正徳5年4月11日。
少し前、市買(市谷)煙草所で藤田左門の火事頭巾を津田民部が所望する。
見世物にはせずと云々。
民部の挟箱に左門が腰をかけたのを民部に詰問され、左門は足で蹴りつけた。
民部は怒って左門にこれから状で申し入れると云々。
加藤伴左衛門が仲介し、帰ってから伴左衛門は左門のところへ行ってなだめ、その夜には伴左衛門のところへ民部・左門、その他に御先手2人を呼び、仲を取り持つ。

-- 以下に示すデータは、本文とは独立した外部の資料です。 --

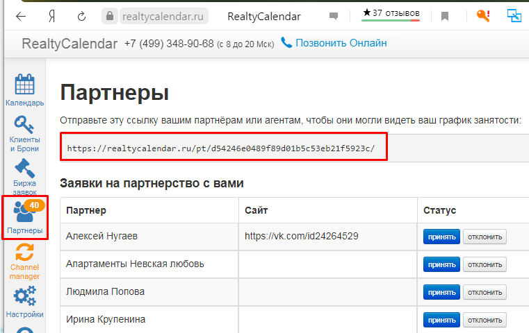 | | Администраторы, менеджеры, горничные, с разными правами доступа, смогут отслеживать изменения в Realty Calendar в режиме online (обращаю Ваше внимание, что приглашать сотрудника Вам необходимо с ПК и принимать приглашение Ваш сотрудник должен тоже с ПК, а не с телефона) | | | | | | | | Отправить ссылку на Календарь своим партнёрам или агентам

このことを名古屋では左門と伴左衛門が喧嘩したともっぱら話していた。
特にその頃伴左衛門は屋敷替えで道具などを運んでいるのを見て、そうら屋敷を空けているいろいろ話していた。
世の中では厳しい飢餓。
常滑の側のたん(多屋)村では61人が餓死する。
布土(ふつと)・古布あたりの者は毎日のように餓死する。
その他でも同様に餓死する。
野間村・柿並太坊や寺家では残らず施行を行う。
その後金5両が下される。
その他中通り宮津の惣平・東浦緒川の源左衛門なども施行を行う。
林勘平が役を解かれたのは熱田夫食(ぶじき)のためと。
千村助左衛門のところは願いが叶ったのに、勘平のところは願いが叶わなかったので兵部殿へ厳しく申し立てた。
兵部殿は贔屓していると云々。
勘平は気がせいてますます争うと云々。
このことが原因と云々。
その時に役を解かれた際には引っ越すようにと。
熱田は旅客要枢の地なの諸役は仰せ付けられるとすぐその日に移り住むことと云々。
近頃、南寺町法蔵寺で四十八夜が行われる。
1日に3人3座ずつ。
談義朝は諦道和尚、昼は了義和尚、最後に諦門和尚。
仰々しく張紙がしてある。
諦道は談義ではなく仕方咄(身振り手振りを交えた咄)で、女形婆の真似などはまるで狂言であった。
心ある者は絶えられず、仏法の摩滅を嘆くと。